PyTorch has quickly been gaining steam as a leading deep learning framework, with many practitioners choosing it over TensorFlow as their go-to framework of choosing lately. Ahead of his upcoming Ai+ Training session, PyTorch 101, coming up this August 24th, we spoke with Daniel Voigt Godoy, Senior Data Scientist at Deloitte, to learn more about PyTorch, why it’s popular, and reasons to learn it.
Why PyTorch in particular? What advantages does it have over other deep learning frameworks?
First, coding in PyTorch is fun 🙂 Really, there is something to it that makes it very enjoyable to write code in. Some say it is because it is very pythonic, or maybe there is something else, who knows? Hopefully, you will feel like that too!
Second, maybe there are even some unexpected benefits to your health—check Andrej Karpathy’s tweet  about it! Jokes aside, PyTorch is the fastest-growing  framework for developing deep learning models and it has a huge ecosystem.  That is, there are many tools and libraries developed on top of PyTorch. It is the preferred framework  in academia already and is making its way into the industry.
Why did you decide to do a course on PyTorch and deep learning? Is it a topic you’re passionate about?

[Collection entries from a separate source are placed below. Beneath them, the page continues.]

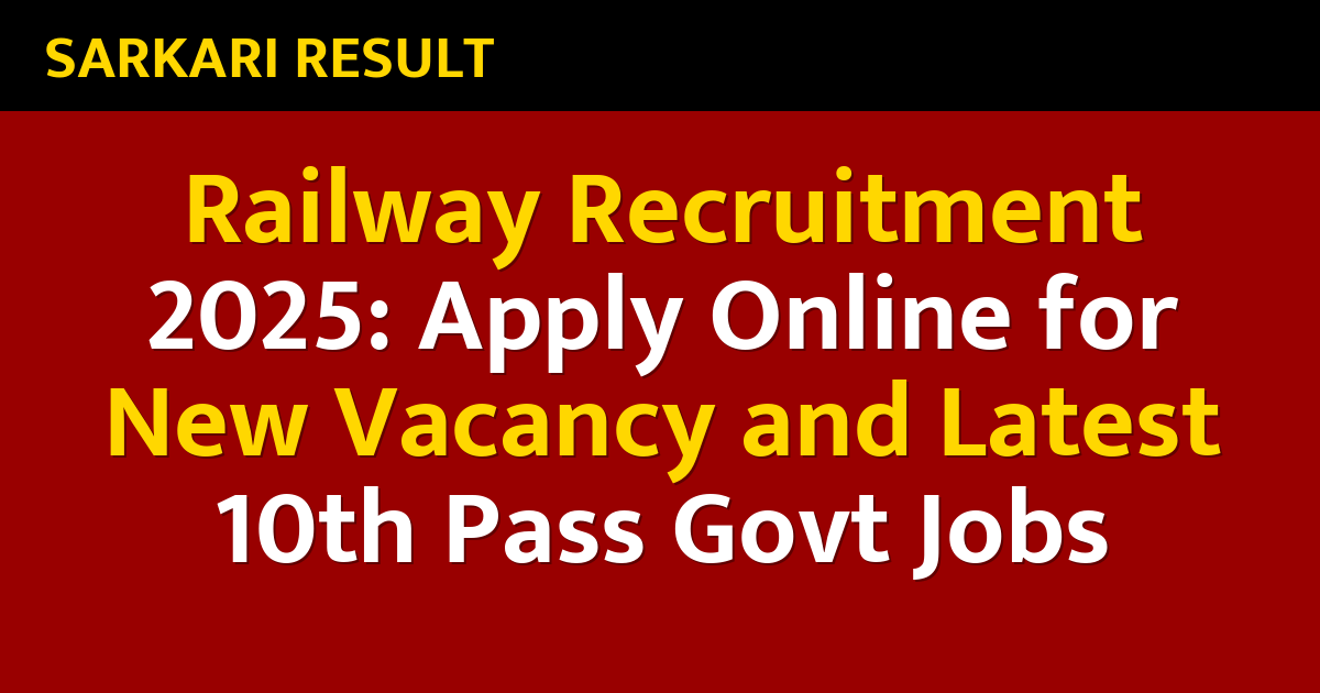Railway Recruitment 2025: Apply Online for New Vacancy and Latest 10th Pass Govt Jobs
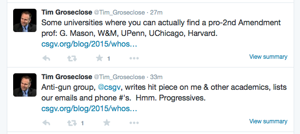 George Mason University Professor Tim Groseclose posted these tweets in response to the CSGV:
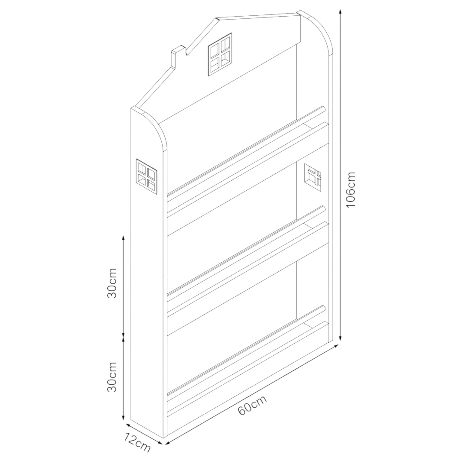 Детска Етажерка за Книги и Играчки GINGER HOME – Къщичка, 3 Рафта, Дърво, 60x12x106 см
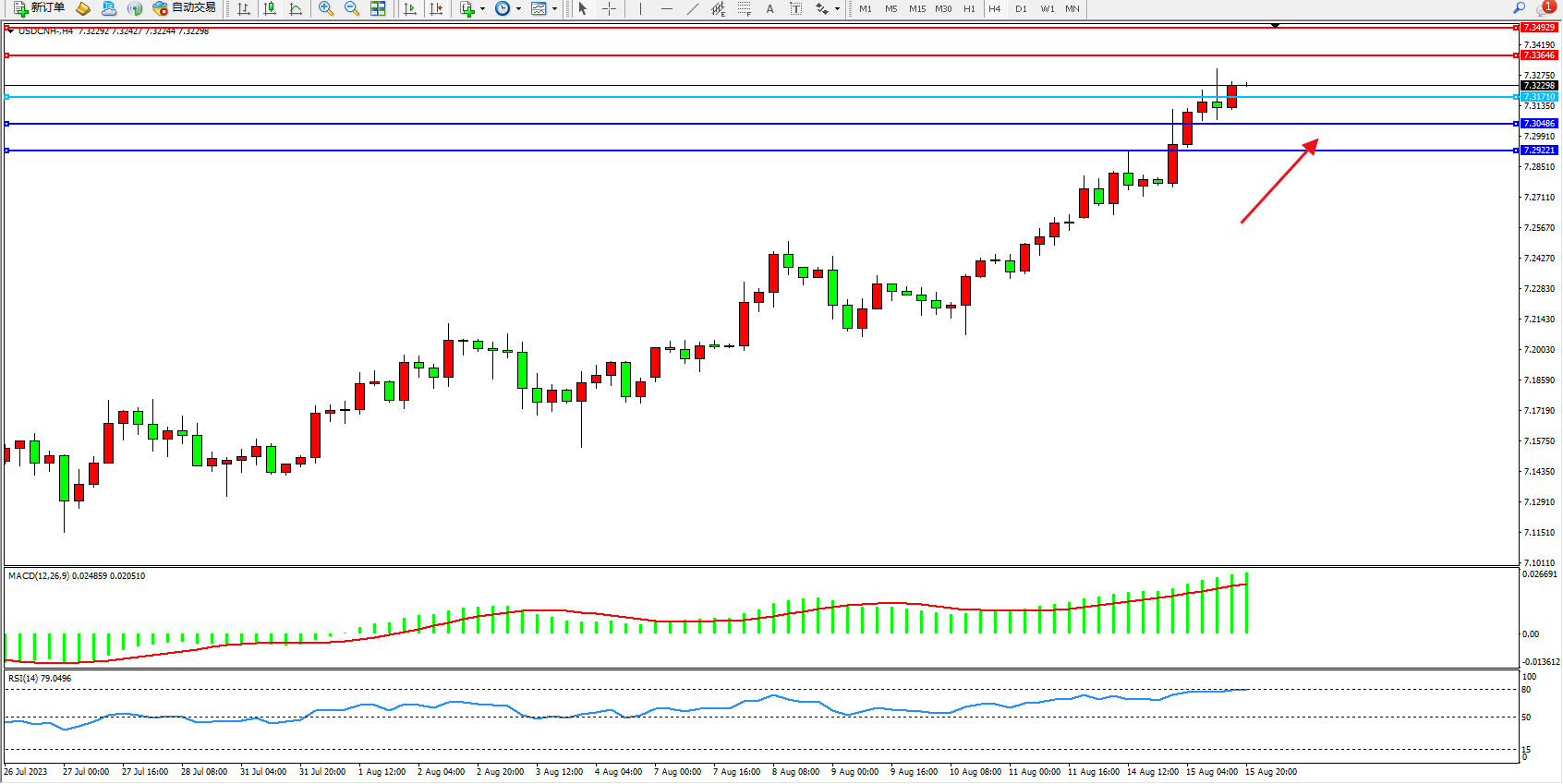 美元人民币USDCNH——4小时K线图显示:
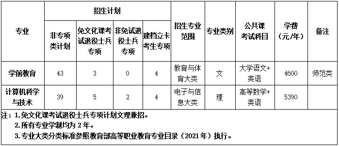 学前教育专业:在公共课达到省考试院划定的公共课考试合格分数线且两门专业课(学前教育学+学前心理学)总分必须达到110分(含110分)的基础上,根据考生考试科目的成绩总和从高分到低分排序,按非专项类招生计划数择优录取,如考生考试科目的成绩总和相同,则按单科顺序及分数从高到低排序,按非专项类招生计划数择优录取,单科排序为:学前心理学、学前教育学、大学语文、英语。
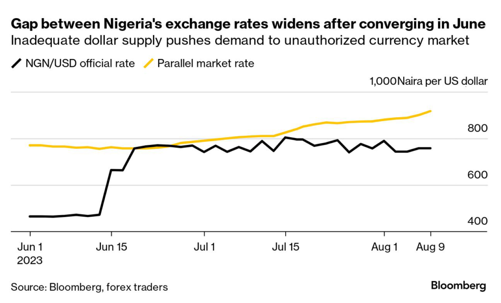That led to a 40% plunge in the official rate and persistent volatility, with the naira trading between about 750 and 800 a dollar over the last month. What’s more, the spread between the official and black market rates has widened again, reaching 18%, the highest since mid-June when the currency was allowed to trade more freely.

I used to be a Keras user until, in 2019, I was attending the Nordic Probabilistic AI School, and I had to learn PyTorch to get the best out of that course. Of course, there’s a lot of transferable knowledge from one framework to another. But I bumped into some small pitfalls myself, and I organized my findings into a blog post outlining the very first steps one could take to train a simple model using PyTorch. That blog post was (and still is) wildly successful, and shortly after publishing it, I was approached by an acquisition editor from a traditional publisher in the tech scene to write a PyTorch book for them. I was flattered, but I ended up declining it because I wasn’t sure if I was able to pull it off (300+ pages in 6 months). The idea remained in my mind, though. In 2020, in lockdown mode due to the pandemic, I decided to start writing my book and, as they say, the rest is history 🙂
If someone is new to data science, why would you recommend they learn more about deep learning?
Deep learning models are being commoditized these days. You don’t need to be a researcher to successfully train (or actually fine-tune) a model. In Computer Vision, and also in Natural Language Processing since a few years ago, you can leverage pre-trained models to satisfy your own needs. Of course, you still need to understand the general mechanics behind the whole process and develop intuition, but – and this may be a somewhat controversial opinion – you don’t need to master calculus or be a PhD anymore. So, if you need to handle unstructured data (that is, images or text), deep learning has the potential to help you a lot.
What skills/tools should someone already be familiar with before getting started with PyTorch or deep learning?
Ideally, you’d need to have some experience with traditional Machine Learning, so you should be familiar with loss functions and evaluation metrics for regression and classification, and the reasoning behind the train-validation-test split, to name a few. If you have knowledge of object-oriented programming (OOP), even better, but that’s not a hard requirement. Finally, you should be comfortable with the PyData stack (Numpy, Matplotlib, Pandas).
More about the AI+ Training Session
Learn the basics of building a PyTorch model using a structured, incremental, and from first principles approach. Find out why PyTorch is the fastest growing Deep Learning framework and how to make use of its capabilities: autograd, dynamic computation graph, model classes, data loaders, and more. The main goal of this training is to show you how PyTorch works: we will start with a simple and familiar example in Numpy and “torch” it! At the end of it, you should be able to understand PyTorch’s key components and how to assemble them together into a working model.
About Daniel Voigt Godoy
Daniel Voigt Godoy has 20+ years of experience in developing solutions, programs, and models using analytical skills across different industries: software development, government, fintech, retail, and mobility. 7+ years of experience with data processing, data analysis, machine learning, and statistical tools: Python (NumPy, scipy, pandas, scikit-learn), Spark, R Studio, MatLab, and Statistica. Experience in stochastic simulation and agent-based modeling. Experienced programmer in SQL, Python, Java, R, PowerBuilder, PHP. Strong programming skills and eagerness to learn different languages, frameworks, and tools. Solid background in statistics, economics, capital markets, debt management, and financial instruments.